Supervised vs. Unsupervised Machine Learning: Which is best for you?

Choosing the right approach for your situation depends on how your data scientists assess the structure and volume of your data, as well as the use case. To make your decision, be sure to do the following:

  • Evaluate your input data: Is it labeled or unlabeled data? Do you have experts that can support additional labeling?
  • Define your goals: Do you have a recurring, well-defined problem to solve? Or will the algorithm need to predict new problems?
  • Review your options for algorithms: Are there algorithms with the same dimensionality you need (number of features, attributes or characteristics)? Can they support your data volume and structure?

Classifying big data can be a real challenge in supervised learning, but the results are highly accurate and trustworthy. In contrast, unsupervised learning can handle large volumes of data in real time. But, there’s a lack of transparency into how data is clustered and a higher risk of inaccurate results. This is where semi-supervised learning comes in.

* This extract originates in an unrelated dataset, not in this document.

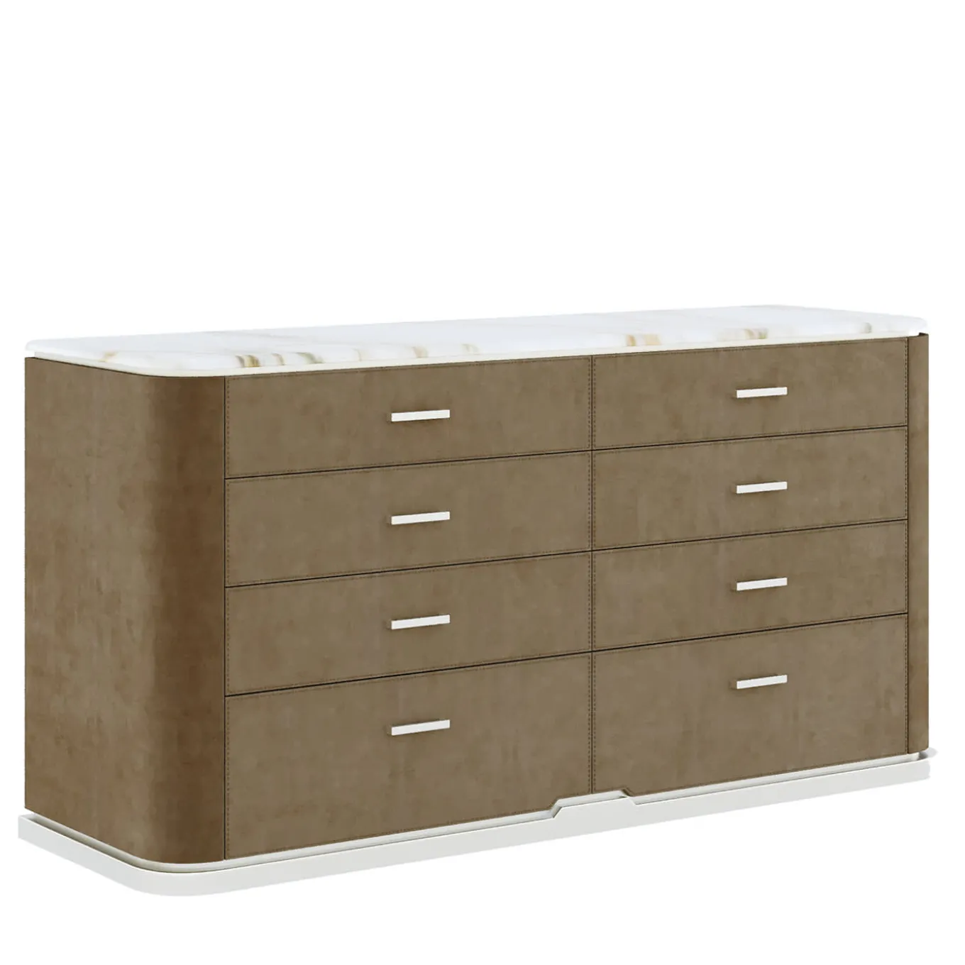 Chest of drawers with wooden structure. Drawer fronts are covered in Nabuk leather. It has a white Michelangelo marble top and metal handles in a champagne finish. For more information contact the Concierge. This piece is part of the Secret Shapes Collection.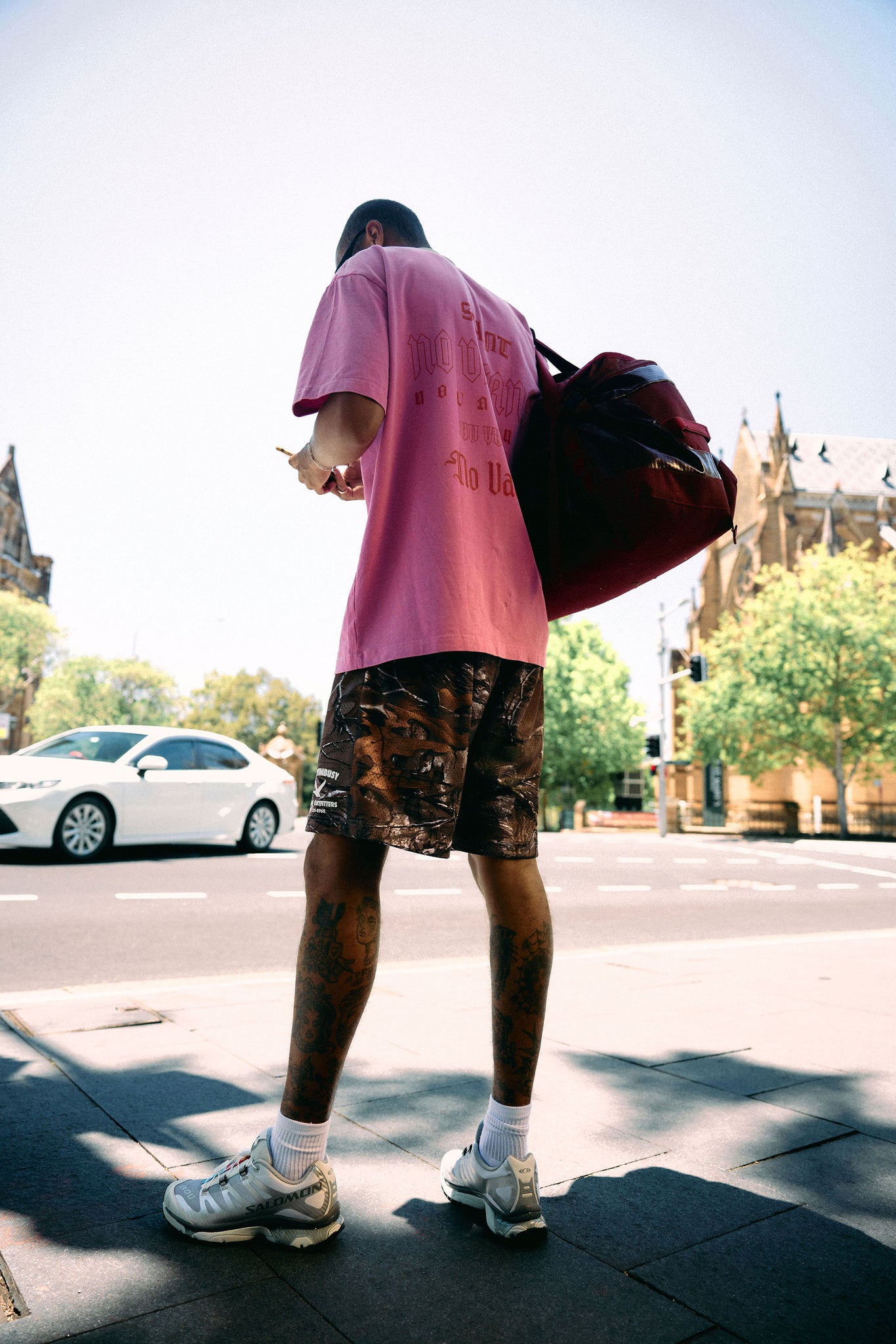 Introducing the No Vacancy Tee in Dark Pink Acid Wash. This unisex design features a bold SŚAINT logo on the front and a compilation of No Vacancy prints on the back - both in a contrasting lighter Grey tone. Inspired by our iconic No Vacancy fragrance - a scent made to turn heads and spark compliments, this tee exudes main character energy. Bold, stylish, and impossible to ignore.

key differences between supervised and unsupervised AI learning:

  • Goals: In supervised learning, the goal is to predict outcomes for new data. You know upfront the type of results to expect. With an unsupervised learning algorithm, the goal is to get insights from large volumes of new data. The machine learning itself determines what is different or interesting from the dataset.
  • Applications: Supervised learning models are ideal for spam detection, sentiment analysis, weather forecasting, and pricing predictions, among other things. In contrast, unsupervised learning is a great fit for anomaly detection, recommendation engines, customer personas, and medical imaging.
  • Complexity: Supervised learning is a simple method for machine learning, typically calculated through the use of programs like R or Python. In unsupervised learning, you need powerful tools for working with large amounts of unclassified data. Unsupervised learning models are computationally complex because they need a large training set to produce intended outcomes.
  • Drawbacks: Supervised learning models can be time-consuming to train, and the labels for input and output variables require expertise. Meanwhile, unsupervised learning methods can have wildly inaccurate results unless you have human intervention to validate the output variables.